TASK ITEM:
In this exercise, retype exactly the lines from the start of the entries through the line bearing "今天的民宿有提供寶寶浴巾~小傢伙穿起來超級可愛啊!!!", leaving every picture out.
___
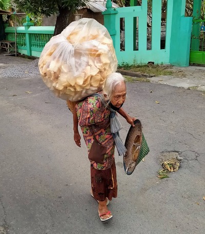 Setiap hari, Mbah Riyem berjalan keliling kampung sambil memanggul 9 kg kerupuk di punggungnya tanpa gerobak, tanpa bantuan siapa pun.
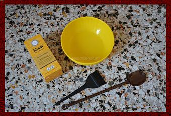 In ogni caso, per prima cosa ho versato la polvere di hennè nella ciotola, ho versato lentamente dell'acqua precedentemente riscaldata all'interno di un pentolino ed ho mischiato il tutto con il cucchiaio in plastica fino ad ottenere un composto liscio, senza grumi e non troppo liquido...
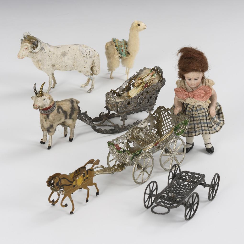 2 pewter wagons and 1 sleigh, 3 animals and 1 whole bisque doll. Small defects.
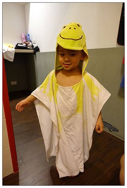 今天的民宿有提供寶寶浴巾~小傢伙穿起來超級可愛啊!!!
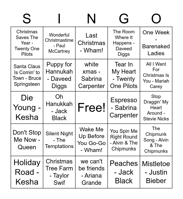 This bingo card has a free space and 50 words: Baby - Justin Bieber, Mistletoe - Justin Bieber, Santa Tell Me - Ariana Grande, we can't be friends - Ariana Grande, Silent Night - The Temptations, My Girl - The Temptations, Wonderful Christmastime - Paul McCartney, Band On The Run - Paul McCartney, Santa Claus Is Comin' to Town - Bruce Springsteen, Dancing In the Dark - Bruce Springsteen, Puppy for Hannukah - Daveed Diggs, The Room Where It Happens - Daveed Diggs, The Chipmunk Song - Alvin & The Chipmunks, You Spin Me Right Round - Alvin & The Chipmunks, Like It's Christmas - The Jonas Brothers, Sucker - The Jonas Brothers, white xmas - Sabrina Carpenter, Espresso - Sabrina Carpenter, I Have A Little Dreidel - Barenaked Ladies, One Week - Barenaked Ladies, Oh Hanukkah - Jack Black, Peaches - Jack Black, Christmas Saves The Year - Twenty One Pilots, Tear In My Heart - Twenty One Pilots, It Feels Like Christmas - Fall Out Boy, Dance, Dance - Fall Out Boy, All I Want For Christmas Is You - Mariah Carey, We Belong Together - Mariah Carey, Last Christmas - Wham!, Wake Me Up Before You Go-Go - Wham!, Happy Xmas (War Is Over) - John Lennon, Beautiful Boy (Darling Boy) - John Lennon, Feliz Navidad - José Feliciano, Por Qué Te Tengo Que Olvidar - José Feliciano, Christmas Tree Farm - Taylor Swif, Cruel Summer - Taylor Swift, Santa Drives An Astrovan - Mt. Joy, Silverlining - Mt. Joy, Silent Night - Stevie Nicks, Stop Draggin' My Heart Around - Stevie Nicks, Winter Wonderland - Laufey, From The Start - Laufey, Let It Snow! Let It Snow! Let It Snow! - Frank Sinatra, Fly Me To The Moon - Frank Sinatra, Holiday Road - Kesha, Die Young - Kesha, Need You Now - Lady A, Baby, It's Cold Outside - Lady A, Don't Stop Me Now - Queen and Thank God It's Christmas - Queen.
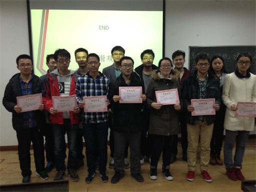 最后,社会实践部部长吴世博给优秀社会实践活动优秀代表颁发奖状,并鼓励大家多多参与,多多学习,同时感谢各位同学分享的宝贵经历。并对获奖人员拍摄留念。
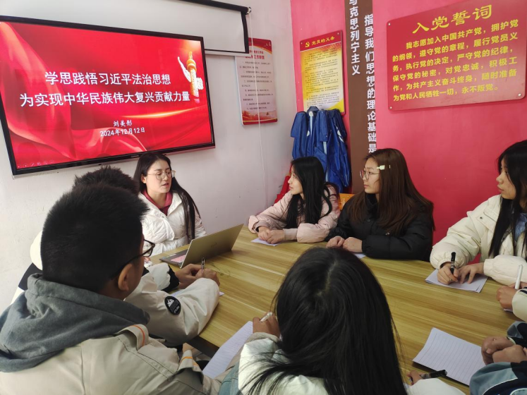 2024年12月11日,东坝校区的入党积极分子在东坝党员活动站聆听马克思主义学院刘美彤老师讲授的主题党课,党课主题为《学思践悟习近平法治思想 为实现中华民族伟大复兴贡献力量》。
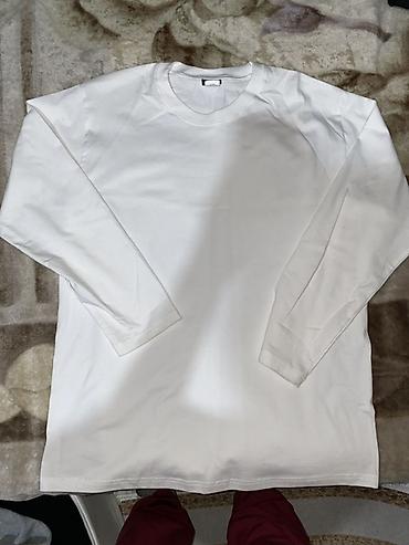 3) Базовый лонгслив белого цвета. Прямой силуэт, круглая горловина, длинные рукава, гладкий трикотаж средней плотности.
___
RESULT:
 Setiap hari, Mbah Riyem berjalan keliling kampung sambil memanggul 9 kg kerupuk di punggungnya tanpa gerobak, tanpa bantuan siapa pun.
 In ogni caso, per prima cosa ho versato la polvere di hennè nella ciotola, ho versato lentamente dell'acqua precedentemente riscaldata all'interno di un pentolino ed ho mischiato il tutto con il cucchiaio in plastica fino ad ottenere un composto liscio, senza grumi e non troppo liquido...
 2 pewter wagons and 1 sleigh, 3 animals and 1 whole bisque doll. Small defects.
 今天的民宿有提供寶寶浴巾~小傢伙穿起來超級可愛啊!!!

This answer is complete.